DATA PROVIDED: Begin
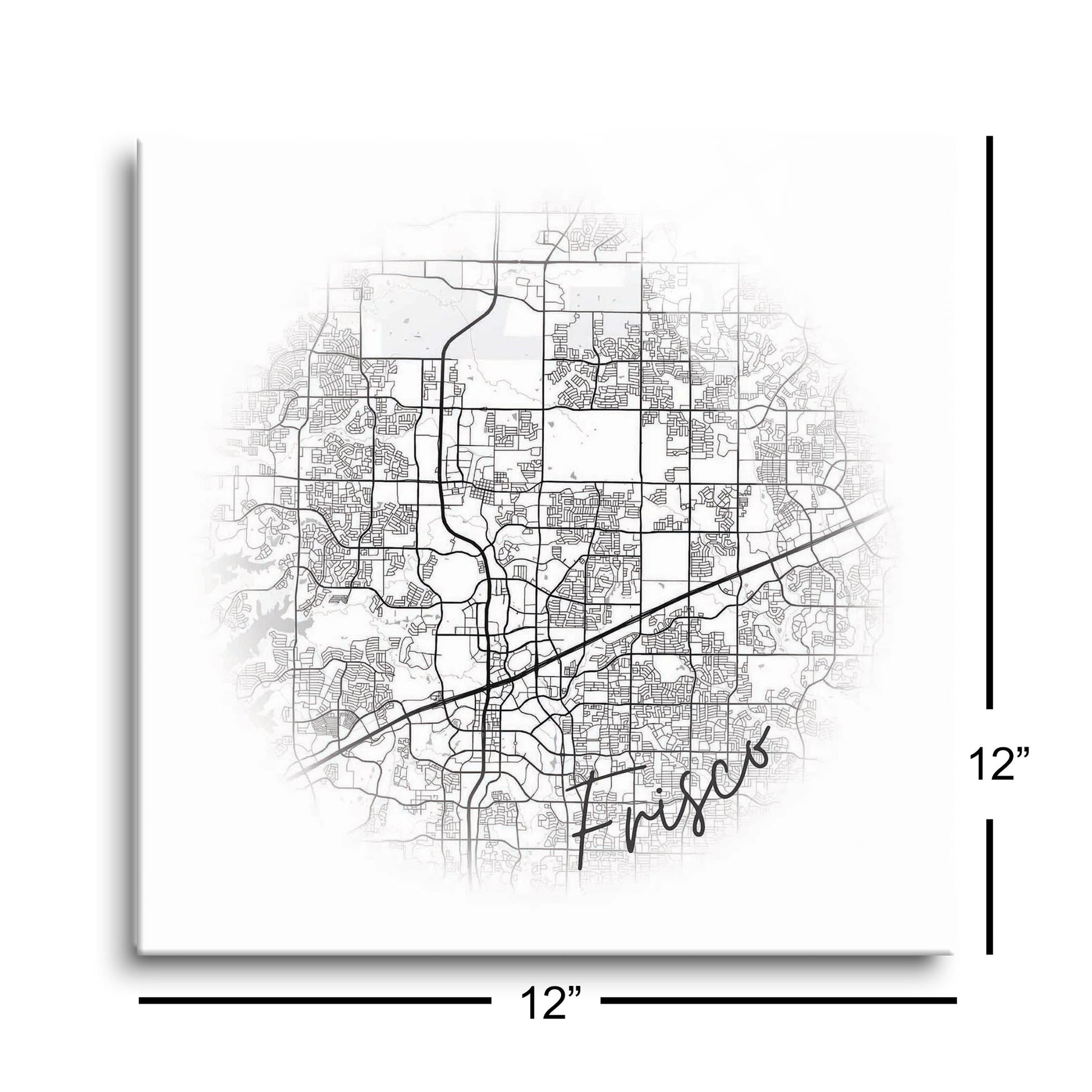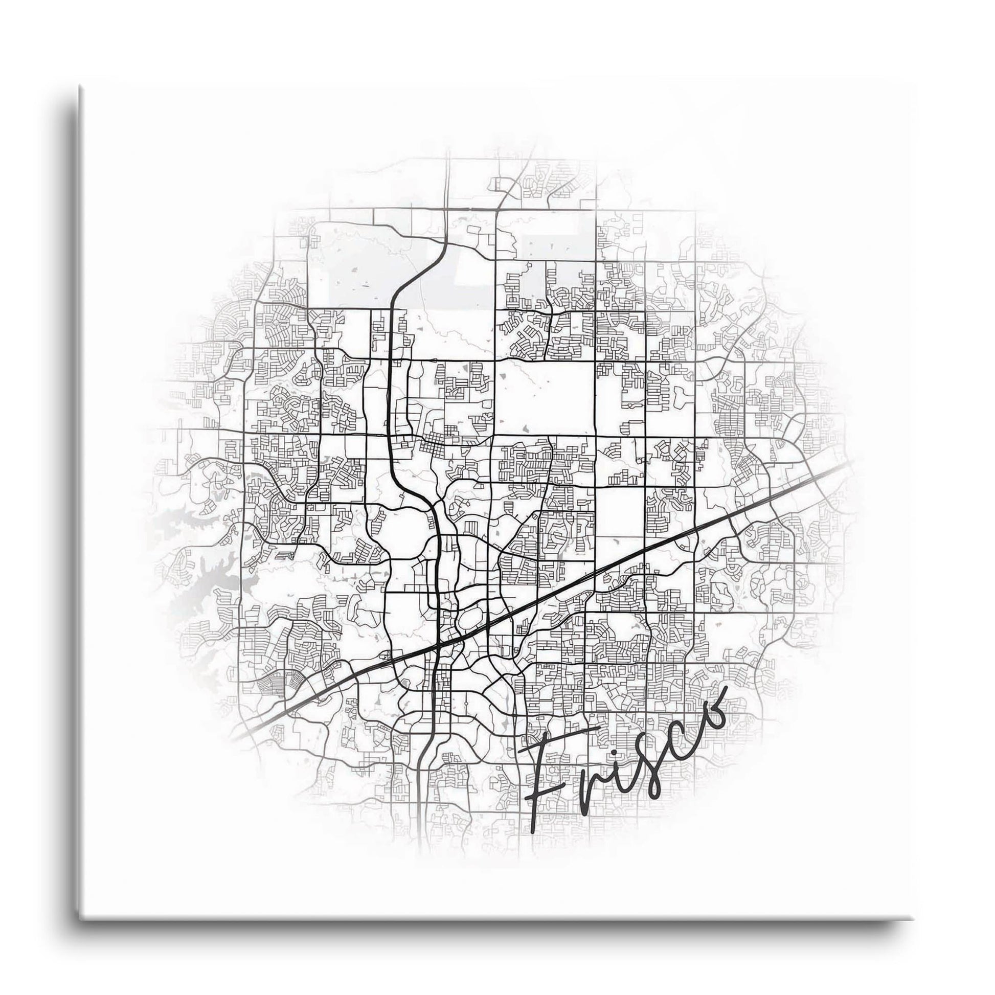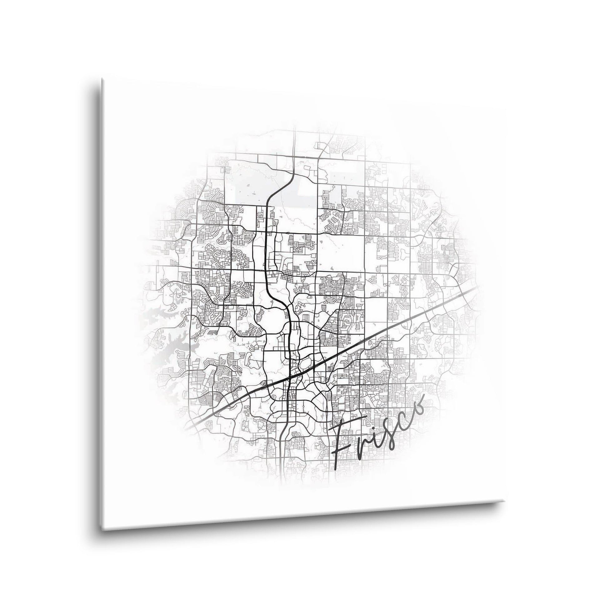 Minimalistic B&W Texas Frisco Circle Map | Hi-Def Glass Art | Eaches | Min 1
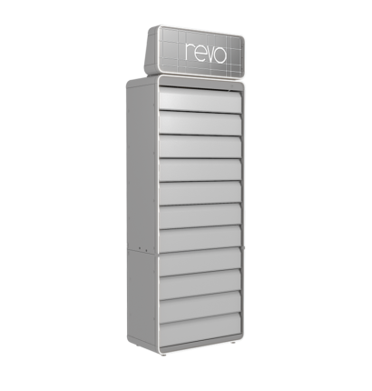 REVO to regał na wyroby tytoniowe, który dzięki innowacyjnemu systemowi zamykania za pomocą klapek jest zgodny z istniejącymi w wielu krajach Europy wymogami Retail Display Ban (RDB). Jest prosty w obsłudze – klapki można otwierać i zamykać za pomocą jednej ręki.
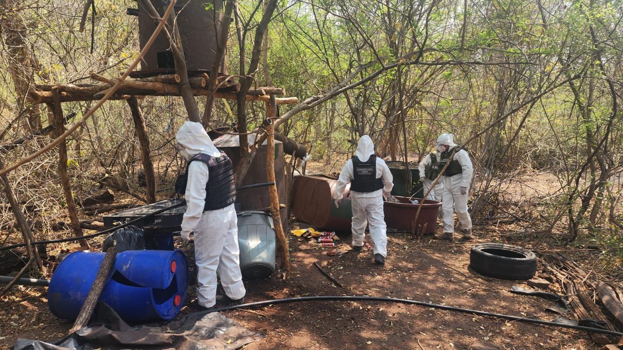 Las tareas operativas realizadas en la localidad de Los Olivos, permitieron a los elementos de la Guardia Civil, Ejército Mexicano y Guardia Nacional, ubicar un predio utilizado presuntamente para la fabricación de metanfetamina. La zona fue asegurada y se desplegó un perímetro para llevar las actuaciones correspondientes.
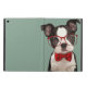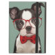 Cute illustration of a hipster style boston terrier puppy wearing eye glasses and chic red bow tie on blue background. Designed by Maryline Cazenave.
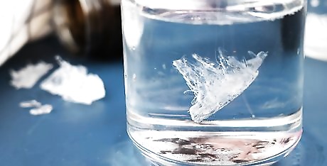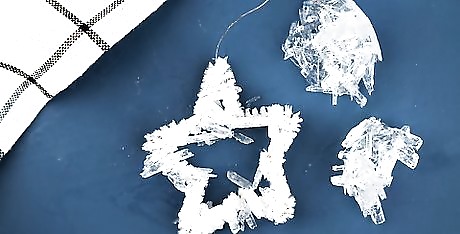 Make a snowflake. Tie several pipe cleaners or rough wires together in a star shape. Lower these into your salt solution, and watch small crystals coat the star and turn it into a sparkling snowflake.
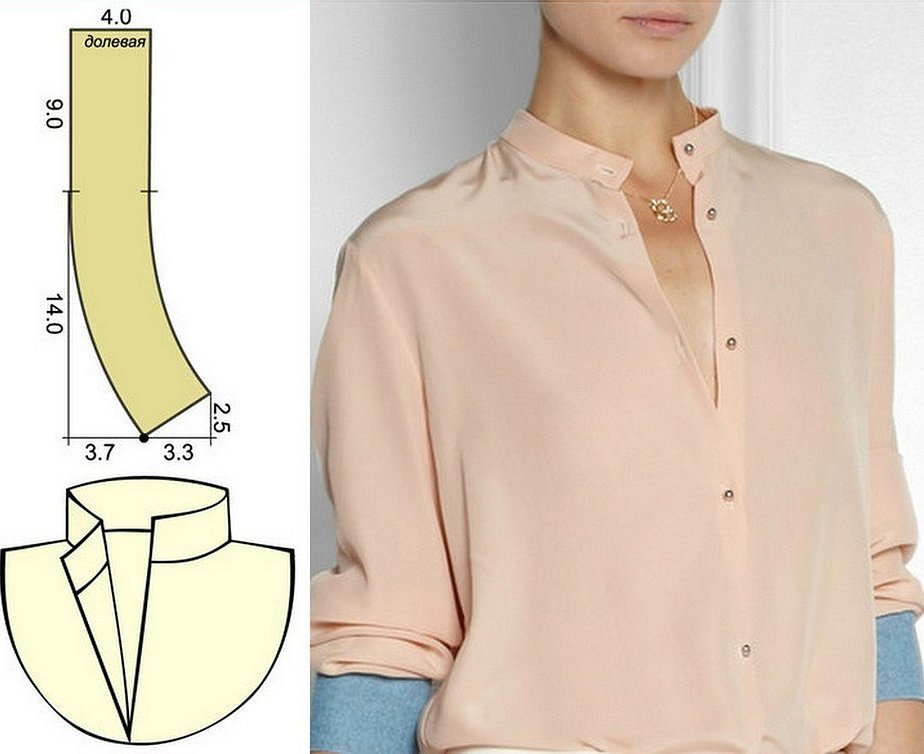 Выкройки, пошив и пришивание воротника стойки к рубашке
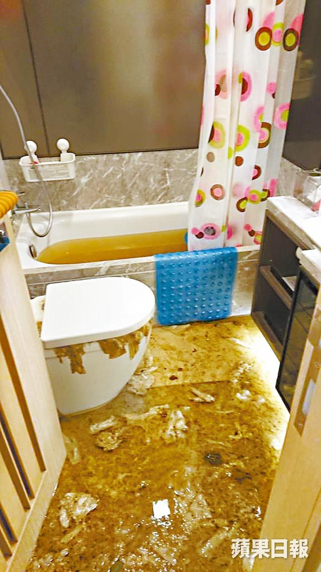 等待近年半,單位今年1月正式收樓,業主簡單修葺幾處小問題就入住。惟好景不常,與海之戀的「蜜月期」只有短短3個月,今年5月時單位爆出驚人的屎渠倒灌事件,污水由馬桶及浴缸湧出,並浸滿全屋,一屋傢俬電器無一倖免。業主當時身處澳洲,全屋被屎水浸足幾日才被揭發。
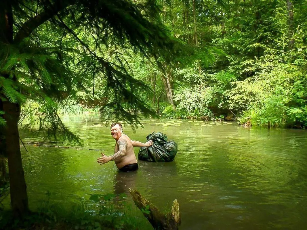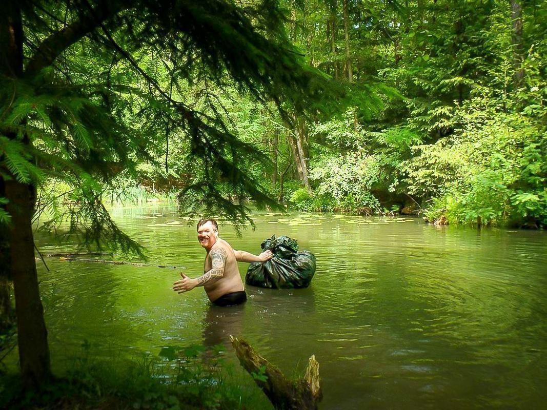 Mann watet mit einem Müllsack durch einen klaren Fluss
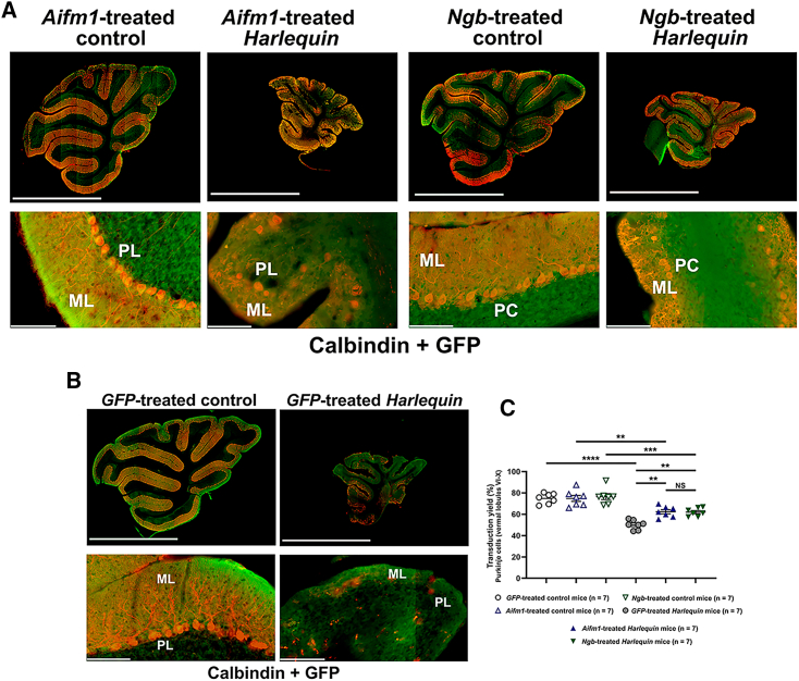 Keywords: AAV2/9 vectors; Apoptosis-inducing factor; Harlequin mice; Purkinje cells; gene therapy; mitochondria; neuroglobin; respiratory chain.
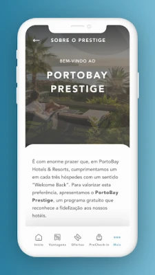 - Register to access the Prestige by PortoBay loyalty programme and its benefits; - Check your membership level and card; - Get access to your advantages and rewards; - Check your discounts at Prestige Partners at destination (such as shops, rent-a-car, typical shopping, tourist attractions etc); - Fill-in our pre-check-in to guarantee a swifter and more convenient arrival; - Chat with hotel team; - And much more...
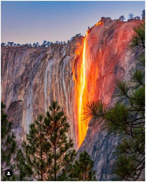 Eu.- Cada año el Parque Nacional de Yosemite, en California, alberga un espectáculo natural único para el deleite de sus visitantes. Se trata de la inusual Cascada de Fuego que aparece desde mediados hasta finales de febrero, durante cada puesta del Sol.
DATA PROVIDED: End
Above are the records; copy exactly the lines from the one with "REVO to regał" through the one with "- Register to", including both, and nothing more. Leave out pictures.

 REVO to regał na wyroby tytoniowe, który dzięki innowacyjnemu systemowi zamykania za pomocą klapek jest zgodny z istniejącymi w wielu krajach Europy wymogami Retail Display Ban (RDB). Jest prosty w obsłudze – klapki można otwierać i zamykać za pomocą jednej ręki.
 Las tareas operativas realizadas en la localidad de Los Olivos, permitieron a los elementos de la Guardia Civil, Ejército Mexicano y Guardia Nacional, ubicar un predio utilizado presuntamente para la fabricación de metanfetamina. La zona fue asegurada y se desplegó un perímetro para llevar las actuaciones correspondientes.
 Cute illustration of a hipster style boston terrier puppy wearing eye glasses and chic red bow tie on blue background. Designed by Maryline Cazenave.
 Make a snowflake. Tie several pipe cleaners or rough wires together in a star shape. Lower these into your salt solution, and watch small crystals coat the star and turn it into a sparkling snowflake.
 Выкройки, пошив и пришивание воротника стойки к рубашке
 等待近年半,單位今年1月正式收樓,業主簡單修葺幾處小問題就入住。惟好景不常,與海之戀的「蜜月期」只有短短3個月,今年5月時單位爆出驚人的屎渠倒灌事件,污水由馬桶及浴缸湧出,並浸滿全屋,一屋傢俬電器無一倖免。業主當時身處澳洲,全屋被屎水浸足幾日才被揭發。
 Mann watet mit einem Müllsack durch einen klaren Fluss
 Keywords: AAV2/9 vectors; Apoptosis-inducing factor; Harlequin mice; Purkinje cells; gene therapy; mitochondria; neuroglobin; respiratory chain.
 - Register to access the Prestige by PortoBay loyalty programme and its benefits; - Check your membership level and card; - Get access to your advantages and rewards; - Check your discounts at Prestige Partners at destination (such as shops, rent-a-car, typical shopping, tourist attractions etc); - Fill-in our pre-check-in to guarantee a swifter and more convenient arrival; - Chat with hotel team; - And much more...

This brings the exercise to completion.